Other types of air fresheners, like reed diffusers and plug-in oils, work a little differently. They are still liquids that turn into gas, but not through the aerosol method. These use simple evaporation to get into the air. The plug-in models work faster to get into your sniff-zone and smell more strongly because they have the advantage of being activated by heat, whereas the reed diffusers evaporate slowly.
These air fresheners, depending on the brand, contain either essential oils or chemical compound fragrances, or perhaps a mixture of the two, dissolved in a solvent such as alcohol. The evaporation of the solvent helps dissipate the lovely fragrance throughout your home, but you only smell the fragrance, not the solvent.

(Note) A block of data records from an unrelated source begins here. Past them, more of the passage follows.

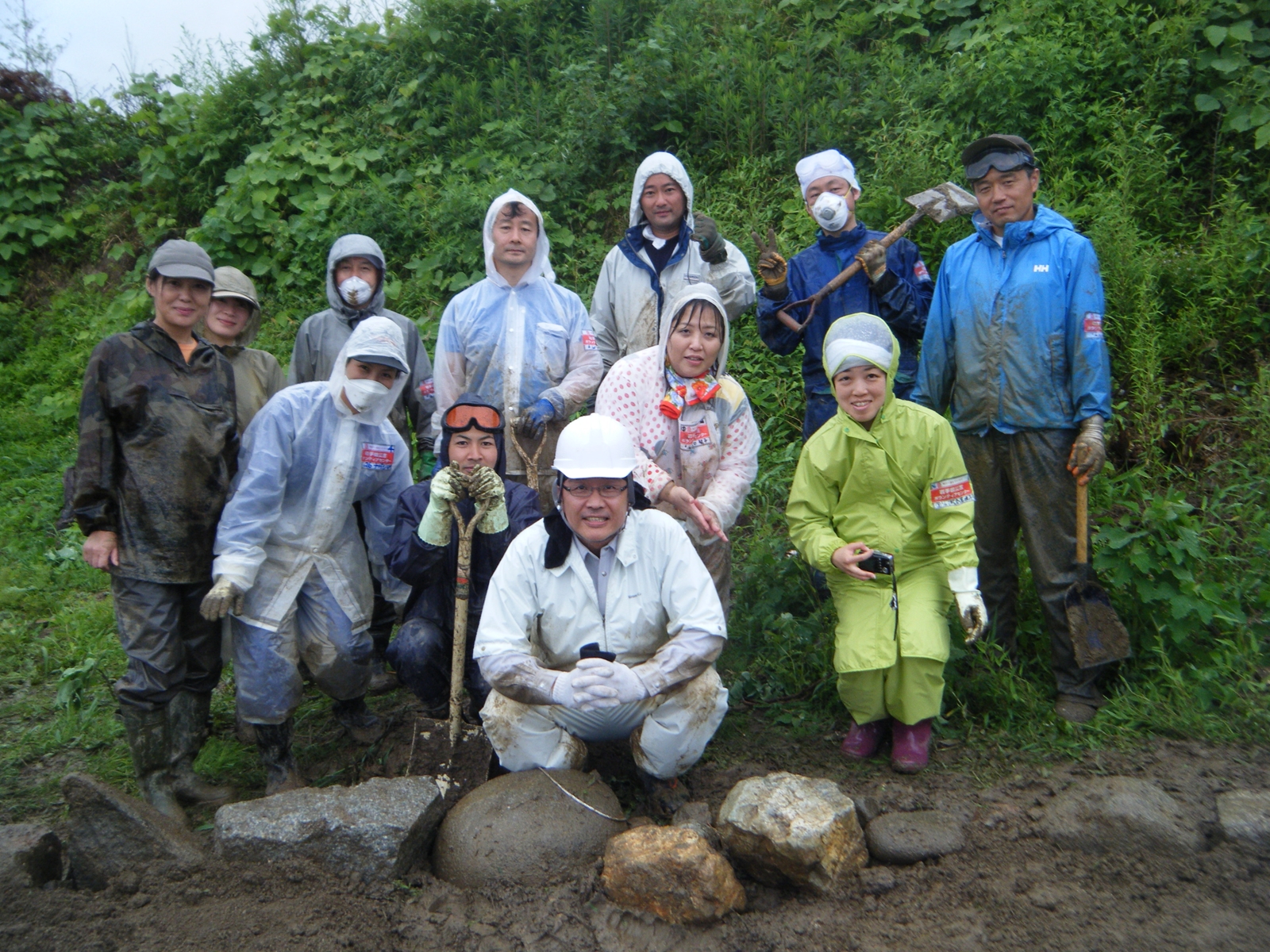 ひまわり畑をつくるために、がれきを撤去する作業を行った。一輪車(ネコ)を使うことも初めてで、ヨロヨロしてうまく動かせず……。迷彩のレインコートを着ているのが嶋津。
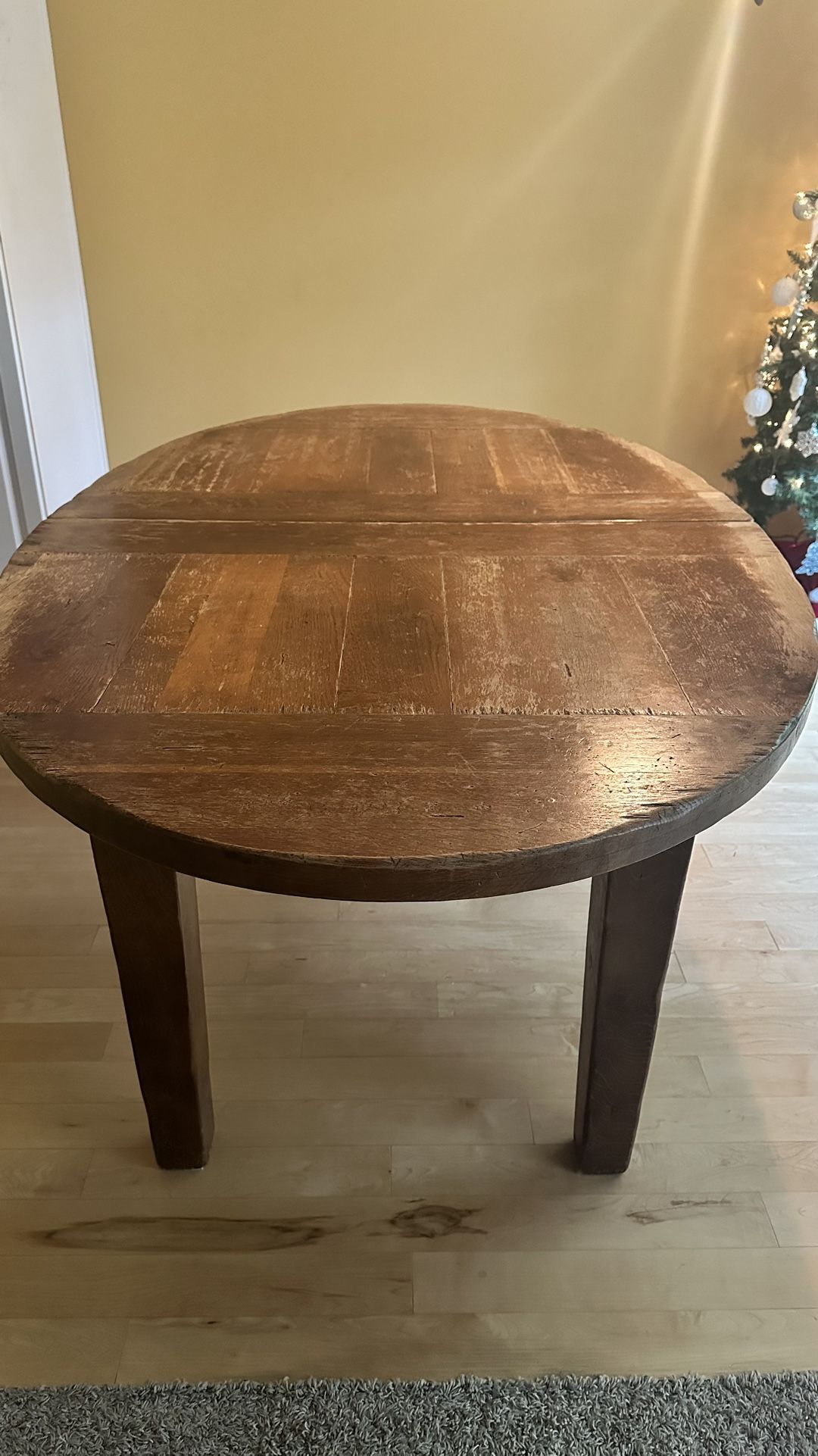 Solid, rustic dining table with a convenient extension—perfect for everyday meals and hosting guests. Strong, well-built, and in great condition. Dimensions: • 29” x 43” x 70” • 29” x 43” x 88” (with extension)
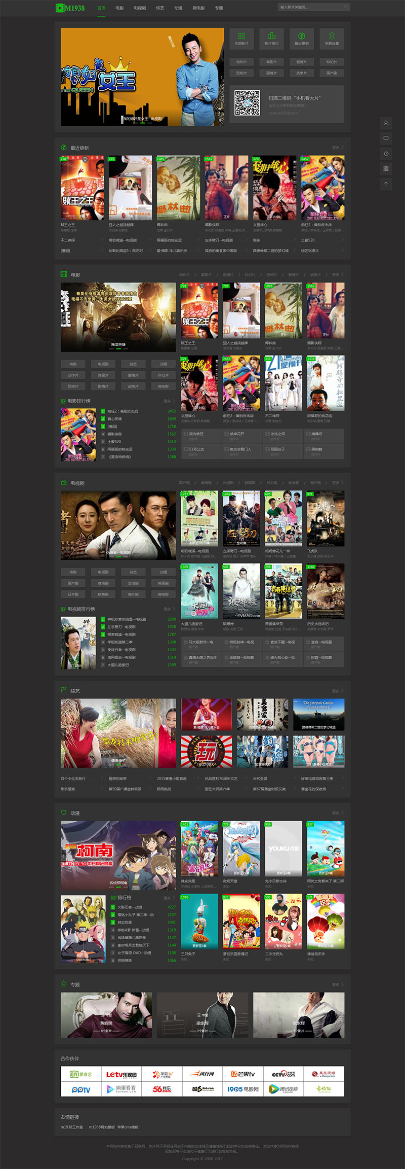M1938工作室出品苹果CMS V10 PC+手机自适应模板N616风格,内附安装说明
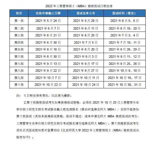 因2022年全國碩士研究生招生考試網(wǎng)上報名時間較往年有提前,北師大2022年MBA的提前面試批次及時間安排做出調(diào)整,最新見下圖及說明。
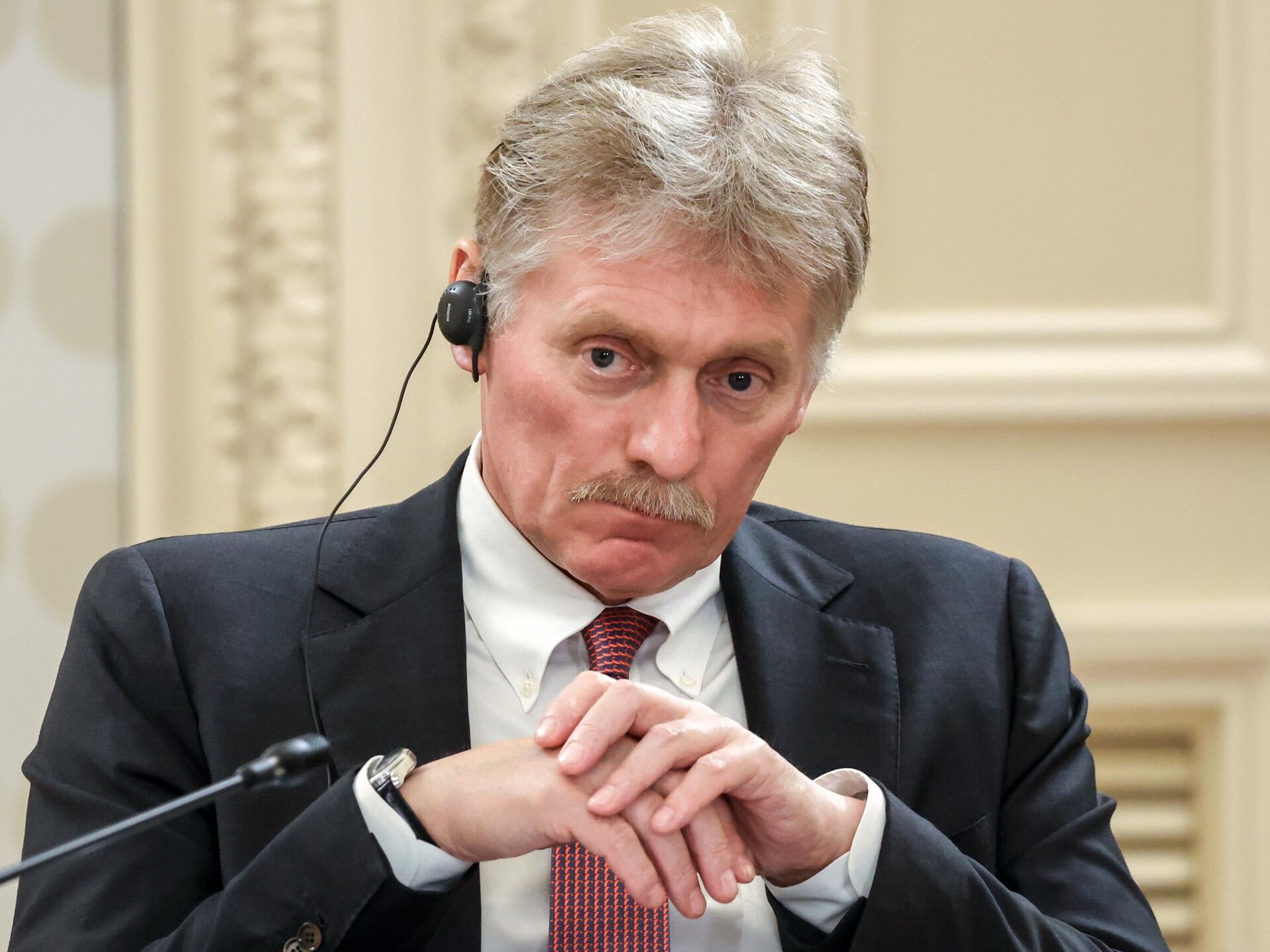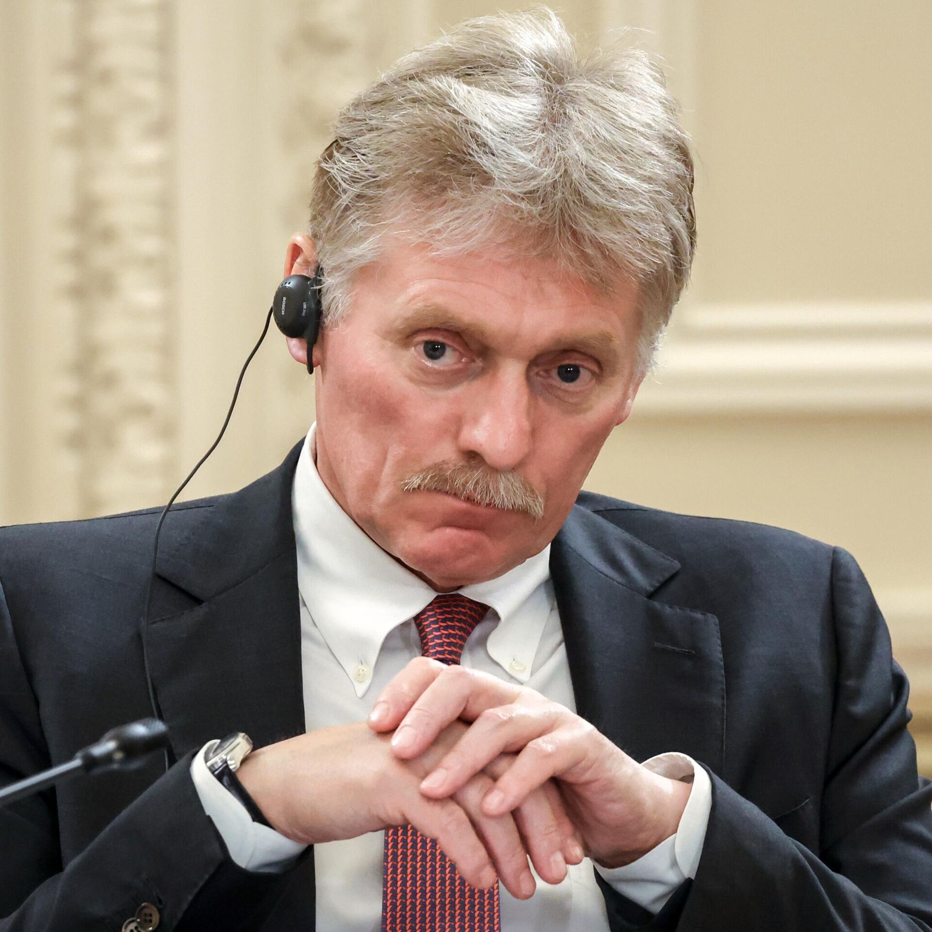 © POOL / Chuyển đến kho ảnhThư ký báo chí của Tổng thống Liên bang Nga Dmitry Peskov tại cuộc gặp giữa Tổng thống Liên bang Nga Vladimir Putin với các giám đốc hãng thông tấn quốc tế.

Solid-style air fresheners also come in different forms: beads and gels are the most common. Gels can be in a small tray that attaches to a car air vent. The air conditioning or heater blowing on the gel circulates the scent throughout the car. Gel air freshener also comes in a short plastic container that twists open to release more or less of the scent.
This kind of air freshener was more common before the plug-in sort was invented and before diffusers were widespread. The actual solid air freshener is a colored gel. At first, only a small twist open is needed for a nice scent filling the air of your home. But as the solid air freshener inside wears down, you will need to twist the container further open to keep up the same level of scent.
Why Does the Gel Wear Down and How?
The fragrant gel substance disappears slowly, through a process known as sublimation. This process is similar to our liquid air fresheners changing into a gas, but instead, it is a solid changing directly into a gas, bypassing the liquid stage completely.
Dry ice is another example of sublimation; dry ice is solid and goes directly to a gas form without ever melting as regular ice cubes do. Both solid air fresheners and dry ice have long been mainstays of chemistry teachers to illustrate the process of sublimation.
Solid style air fresheners are recommended to be kept high on a bookshelf or somewhere that children cannot reach them. The gel is attractive, resembling a bright jelly, and it is toxic. Thankfully the formulation tastes unpleasant, so it is unlikely a child would eat enough to do more than vomit. Nevertheless, poison control should be called with any amount of ingestion.
The air fresheners with gel beads are perhaps even more attractive to children, and present a different type of risk, as the beads are easy to swallow and can be swallowed a handful at a time. The swallowed gel beads would then release toxins slowly as they are digested. Again, it is important to call poison control for any suspicion that a child has eaten any air freshener in whatever form.
Sublimation, Volatile Substances, Gas and Liquid: oh my!
We answered the question of “gas or liquid” and more! Remember: if air fresheners are used as directed, you can feel confident that your home is safe and always smelling its best, thanks to the magical properties of air fresheners. What a fascinating substance this is, that can change at a press of a thumb or a twist of a container. But the most important thing? That you love the scent that fills your home!